Punta Arenas, on the other hand, felt exactly like what it was: an Old World town of a hundred thousand that just happened to be plunked at the end of the world. It felt like a frontier, rather like I expect St. Louis felt when the Mississippi was the border of “real America”. It is the springboard for many Antarctic expeditions, so much so that it is under the ozone hole itself, and so far south that the landmass across the water on the horizon? That’s Tierra Del Fuego. You’re at 53 degrees south latitude and seven thousand miles from home, and I could feel every one of those seven thousand miles out on the square at sundown. You’d have to go back to Budapest in 1992 to find the last time I felt so far from home – and I’ve been to Ireland, Switzerland, Paris, London and Tokyo in between.

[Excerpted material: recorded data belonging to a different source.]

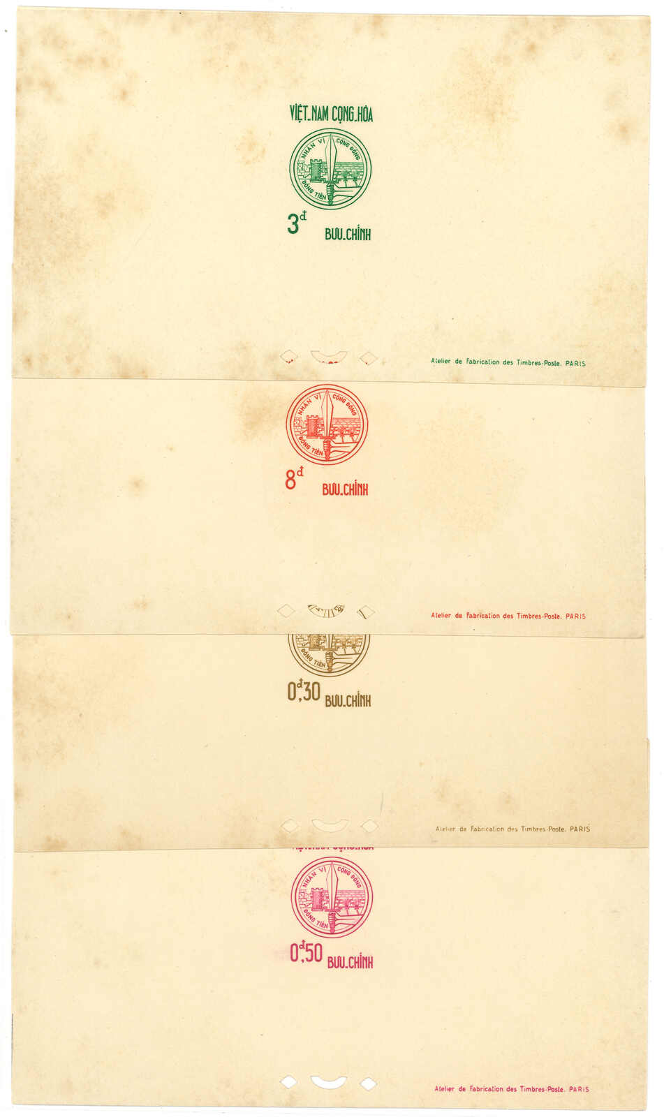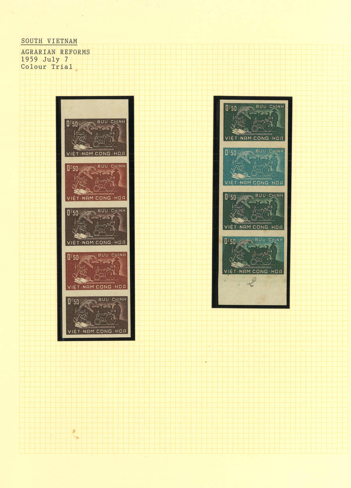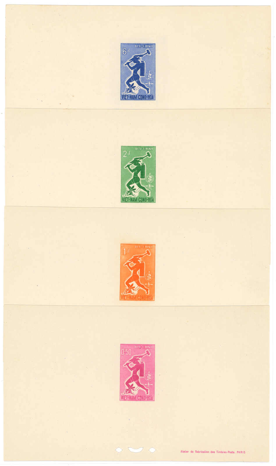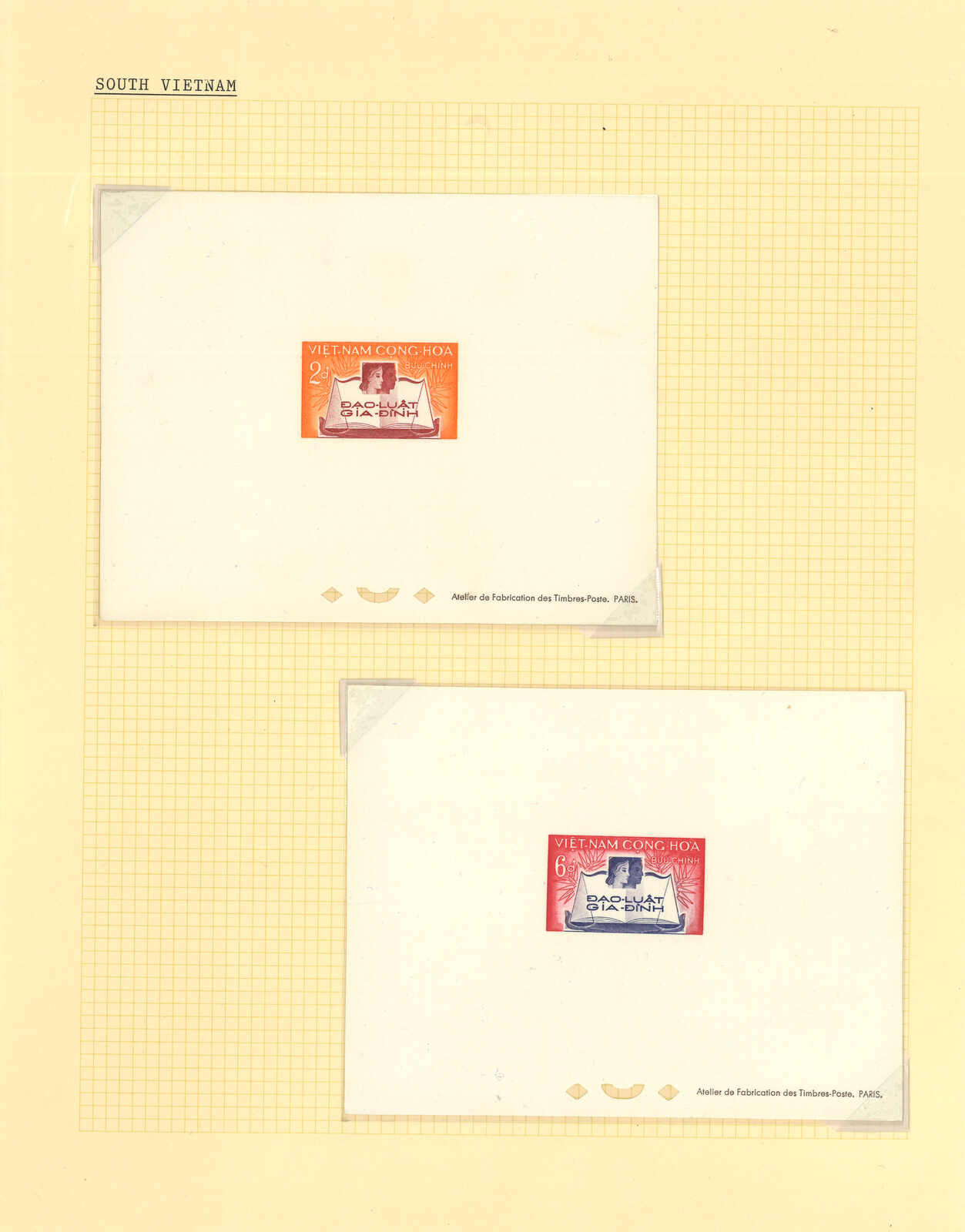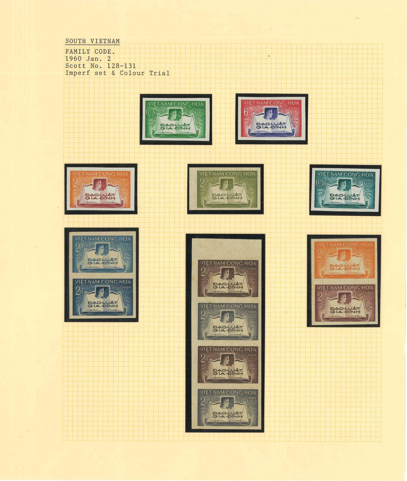 443 image1960s a collection of 10 sets of South Vietnam deluxe die proof or imperf issue, including Malaria Eradication, Inauguration of Postal Cheques Service, Catholic Shrine St Mary of La Vang, Strategoc Villages, Women’s Day etc. All MNH. Very Fine.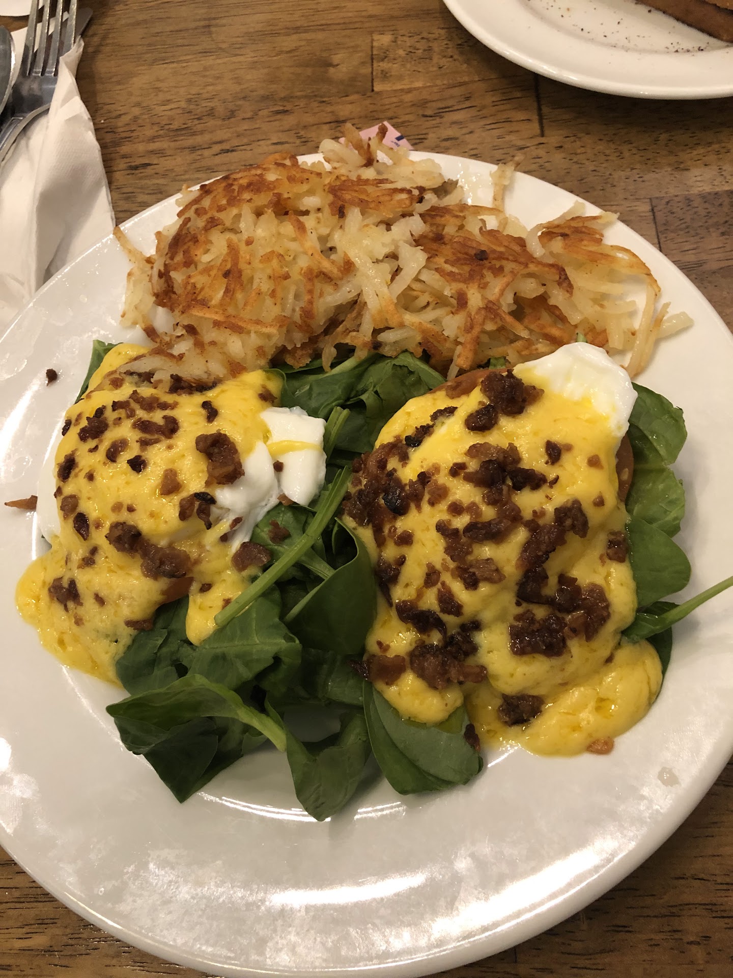 My husband ordered the Florentine Benedict- Freshly sliced tomatoes and spinach, covered with hollandaise sauce. I thought it was good. It had the right amount of hollandaise sauce and the eggs were cooked perfect for me. Only slight bad thing was that the muffin was over cooked or something. I couldn’t cut it with the knife. My husband picked it up and bit it.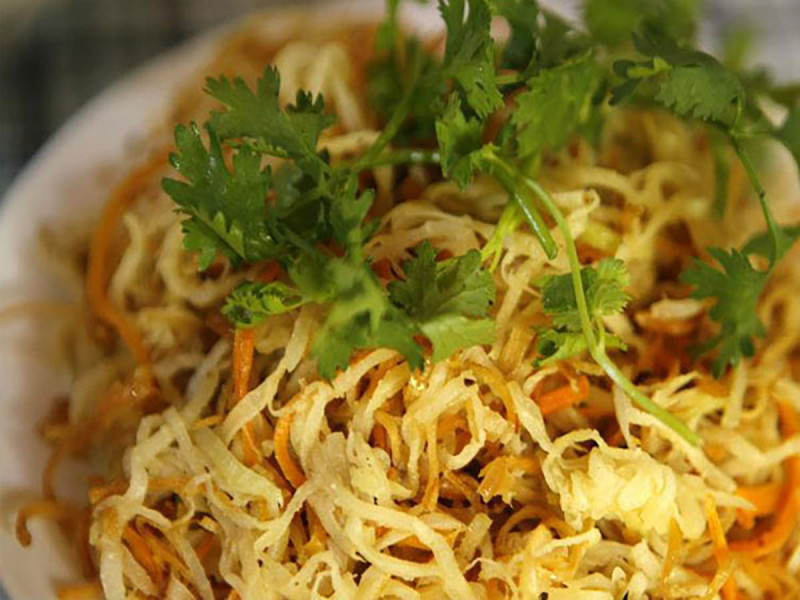 "Su hào xào mực" mới nghe tên món ăn thôi cũng khiến không ít người tò mò tại sao mực khô lại kết hợp được với su hào để tạo thành một món mực ngon ăn vừa lạ vừa quen. Quen vì su hào ai cũng biết, cũng ăn rồi và mực khô thường được nướng bằng cồn rồi nhâm nhi làm mồi nhậu. Nhưng hai thứ này mà kết hợp lại với nhau lại tạo nên cái “lạ”. Ấy vậy mà người Bát Tràng chúng tôi lại có sự kết hợp tinh tế từ những thứ tưởng như không thể thành một món ăn mang hương vị của quê mình, một món ăn không thể thiếu trong tiệc của người làng gốm.

Two and a half hours northwest, though, is Puerto Natales, the capital of the province of Ultima Esperanza – Last Hope – and really the only town there. The population is barely 19,000, mostly supporting tourists headed for the Torres del Paine national park and its mountains and glaciers. It feels like a small town in the middle of nowhere, the sort of place where you expect to see Ewan MacGregor and Charley Boorman riding into town on motorcycles – or Clarkson, May and Hammond on whatever they could buy for a million pesos (about $1500). The sky was gray and overcast, the air was clear and cold, the wind wasn’t quite at Punta Arenas levels (no hurricane gusts here) and the first hotel in town had its latitude prominently displayed and looked like it had been bodged together from 2-TEU intermodal shipping containers. And yet, the hotel bars were thoroughly equipped and there was a gourmet food and wine shop that was very generous with their restroom and their craft beer selections alike, and a brick-oven pizza place with an Italian-language Swiss Consulate sign out front, and glowing-green Branca Menta served with ice and lime at only 25% ABV.

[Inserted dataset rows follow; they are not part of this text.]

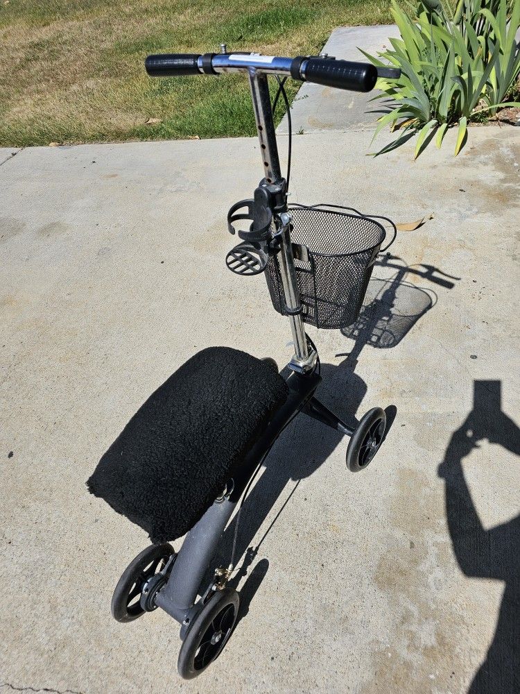 Selling my like new knee scooter that I only used for a couple months while recovering from a broken ankle. This knee scooter is solid metal, the brakes work great on it, and comes with a removable storage basket, an extra pad, and an extra cup holder. Retails for $150, but selling for only $120 as it's in great condition.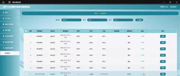 座位预约模块:学生可通过可视化界面查看座位分布图,选择空闲座位并设定预约时间段,系统自动记录预约信息并提示成功状态,提升操作便捷性。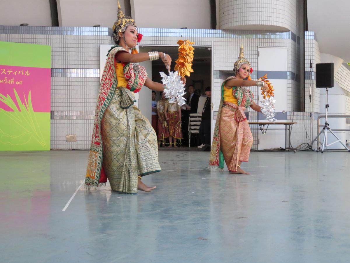 開会式の後ステージでは、タイの伝統舞踊が、ラーチャパット・トンブリー舞踊団によって披露され、観客から大きな拍手を受けた。この舞踊団は、タイでも歴史が古く、芸術性の高い、卓越したレベルを維持する舞踊団。金銀の枝を持った踊りが素晴らしかった。明日も公演する。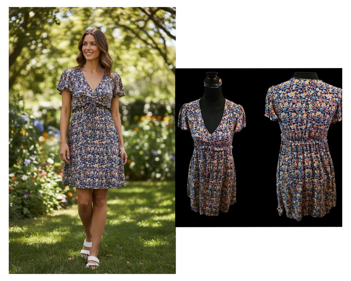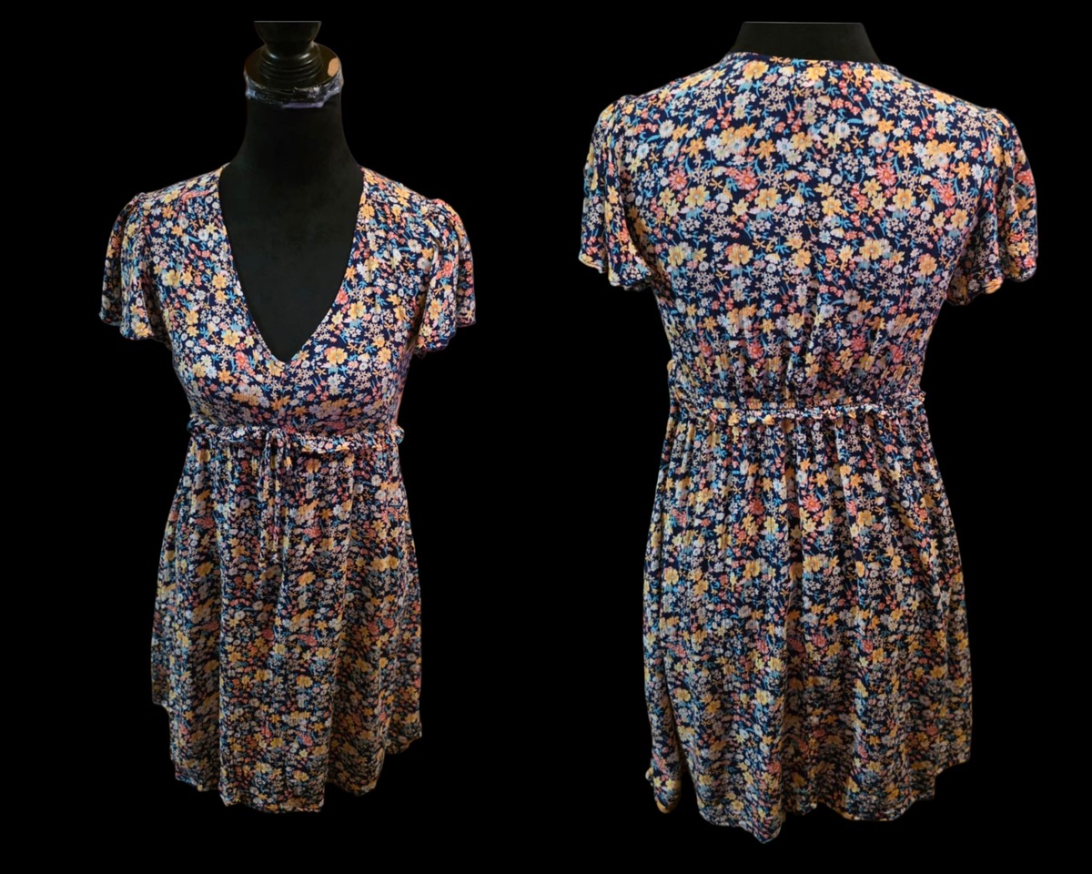 Product Information. features a casual, wrap-style design with a flowing, A-line silhouette. navy blue base with a ditsy (small, scattered) floral pattern in various colors, including pink, yellow, and orange tones. deep V-neck, short sleeves, a defined waist with gathering or a tie, and a mini length. made from lightweight, soft, and breathable fabrics such as rayon, viscose, or polyester, making them suitable for warm weather. Size XS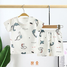 儿童睡衣薄款夏季可爱宽松男孩女孩服套装家居服小宝宝短袖短裤居家服夏天男童女童衣服可外穿T恤 竹节棉-水果派短袖 120(建议身高110-120cm)图1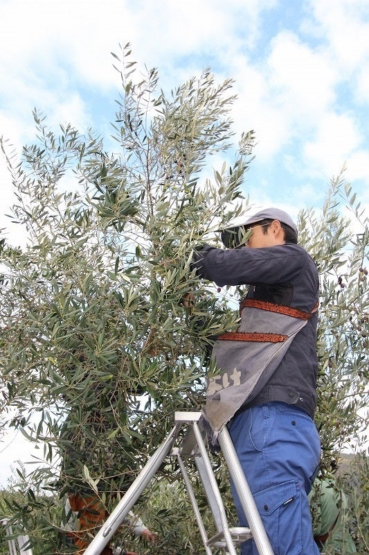 小豆島のオリーブ農家・井上誠耕園は、自然の恵みを実感できる商品づくりを目指しています。そのためには、本当に良いオリーブ果実を育てるところから始まります。オリーブの実は傷付くとそこから酸化が始まるため、手間がかかっても実を傷つけない手摘みによる収穫が一番です。当園には約5,000本のオリーブの木が植えられ、その全てが手摘みで収穫されています。

And it hit just the right note. This is away from it all. This is Patagonia, the wild wild south. This is rural and isolated and you’re two hours drive from the only city of 100,000 to be found for a thousand miles or more in any direction. And yet, you have cozy accommodations and plenty of places to get a beverage and perfectly good wifi and cell coverage (and, one assumes, satellite TV under the DirecTV brand, judging by the dishes on every house). And in Punta Arenas, I was reminded more than anything of the hotels on my first trip in 1992 in Eastern Europe: the feeling that you were far from home and on the edge of the known world, only with a refreshing glass of Fernet con Coca instead of making poor decisions around Campari or beers I’d never tried before.

It felt right. I said to my friends that being sat in a hotel lobby bar with a drink in one hand and my Signal-equipped iPhone SE in the other was my most natural state, and this trip did nothing to dissuade me of that notion. And we haven’t even reached the extremes yet, about which another post will soon follow.